Comparing outbreak and sporadic cases may pose some analytical challenges. Cases associated with a particular outbreak are not independent. Ignoring this lack of independence can result in an underestimation of variability and increase the probability of making a type I error (i.e. falsely rejecting the null hypothesis) [Reference Schukken19–Reference Dohoo, Martin and Stryhn21]. It can also result in incorrect estimates of measures of association. A variety of techniques including robust variance estimates, general estimating equations (GEE), and random effects models have been created to deal with clustered data [Reference Schukken19–Reference Dohoo, Martin and Stryhn21]. However, in our study, only cases associated with outbreaks had a true hierarchical structure. Consequently, methods, such as GEE or random effects models, that correct both measures of association and measures of variance by accounting for the correlation among cases, may fail to converge or provide unreliable estimates if faced with few replications at a hierarchical level. Other possible techniques for controlling for clustering may include the random selection of one case from each outbreak to remove the clustering effect by design rather than through a statistical technique. Analytical weights could also be used to down-weight the impact of multiple cases from a single outbreak; similar approaches have been developed for dealing with complex survey designs where the probability of being sampled may vary among cases [Reference Dohoo, Martin and Stryhn21].
Using a database of reported cases of E. coli O157 from Alberta, Canada in 2000–2002, we determined whether there were significant differences between sporadic and outbreak cases in terms of age, sex, the mode of transmission (e.g. food), and the site of transmission (e.g. home). We also determined whether the following temporal, spatial, and administrative factors were significant predictors of whether a case was more likely to be part of an outbreak: a region in the province where there was a higher proportion of outbreak cases than sporadic cases (outbreak cluster) [Reference Pearl17]; a yearly period from May to October when reported cases cluster [Reference Pearl17]; year of study; and whether a case had been hospitalized. We also tested the significance of interactions between age, sex, and mode and site of transmission. We created multivariable logistic models using a variety of methods to correct for clustering for comparative purposes.
METHODS
Data
We obtained a list of all reported cases of E. coli O157 infection in Alberta during the 2000–2002 period. The data were obtained from Notifiable Disease Reports (NDR) stored electronically in the Communicable Disease Reporting System (CDRS) maintained by the Disease Control and Prevention Branch of Alberta Health and Wellness using methods designed to preserve patient anonymity. The protocol for this research was approved by the University of Guelph Research Ethics Board.

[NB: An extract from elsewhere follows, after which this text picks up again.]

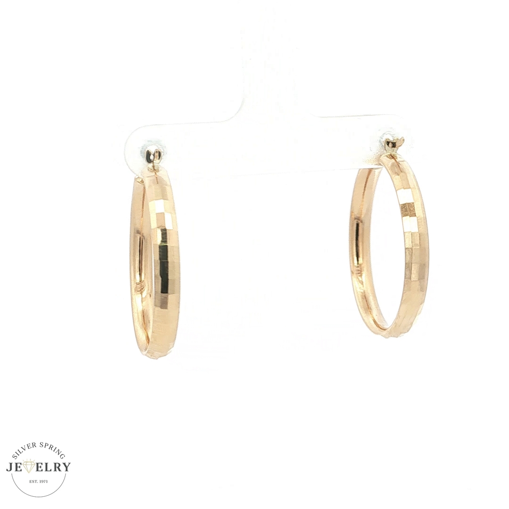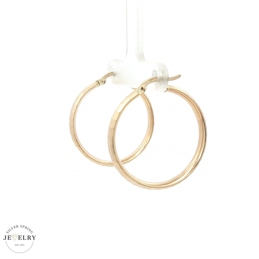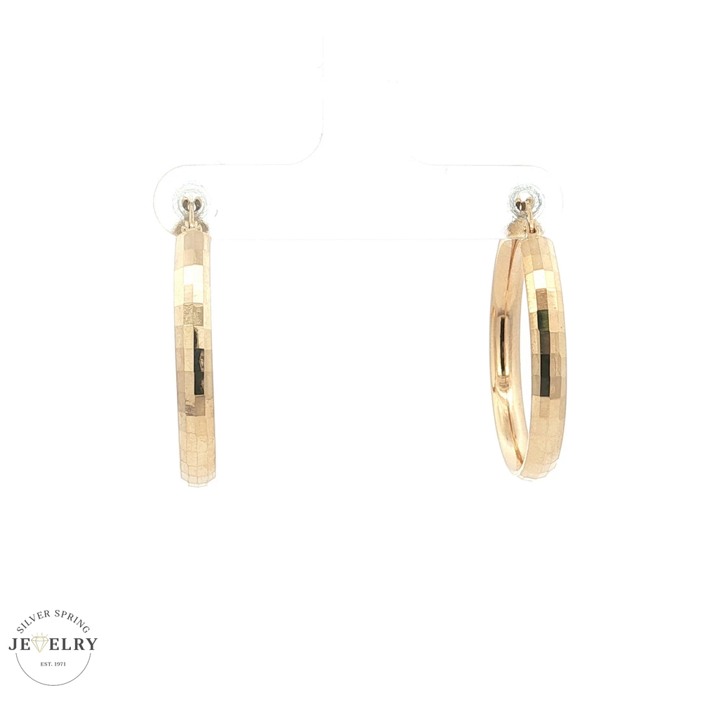 Enhance your accessory collection with these chic 14K Yellow Gold Textured Hoop Earrings. Exquisitely crafted, they weigh a comfortable 3.8 grams and offer a generous 1-inch diameter. These elegant accessories showcase a unique textured design that beautifully reflects light, adding a charming sparkle to any outfit. Suitable for everyday wear or special occasions, these timeless hoop earrings will effortlessly elevate your style. The perfect addition to any jewelry box, they make an impressive gift too.

In total 875 cases were recorded during this period, but six cases were excluded from subsequent analyses because of insufficient demographic and/or spatial data [Reference Pearl17]. From the NDR we obtained/calculated the following information for each case: a unique identifier (NDR number), age at onset of clinical symptoms, year case occurred, sex, mode of transmission, site of transmission, case hospitalization (yes/no), a unique identifier used for community outbreaks (Exposure Indicator Number), cases identified through an epidemiological link that did not require definitive laboratory results (EPI-linked), the NDR numbers that connected EPI-linked cases, and a unique identifier created to identify cases sharing a common address. Mode of transmission included the following categories: food and water, animal contact, person-to-person, other, and unknown. Site of transmission included the following categories: home, food services establishment, high-contact housing (nursing home, daycare, campsite), travel, other, unknown. The categories for mode and site of transmission were slightly modified from the categories used in the NDR to avoid small cell sizes in subsequent statistical analyses. The ‘other’ category in the mode and site of transmission variables were known/suspected by the public health worker, but did not fall into the remaining categories. In the electronic database, only ‘other’ was recorded, but we added three observations, believed to be attributed to the pathogen being aerosolized, to the ‘other’ category for mode of transmission, and 20 cases believed to have occurred at the workplace to the ‘other’ category in site of transmission. Cases were classified as outbreak cases if they shared a common Exposure Indicator Number, were Epi-linked, and/or shared a common address. Based on the above definition, cases associated with an outbreak were given a unique outbreak number. In total, there were 69 outbreaks involving 185 cases. The largest outbreak recorded in the database included 10 cases. However, 53% of all outbreak cases were in outbreaks involving two individuals.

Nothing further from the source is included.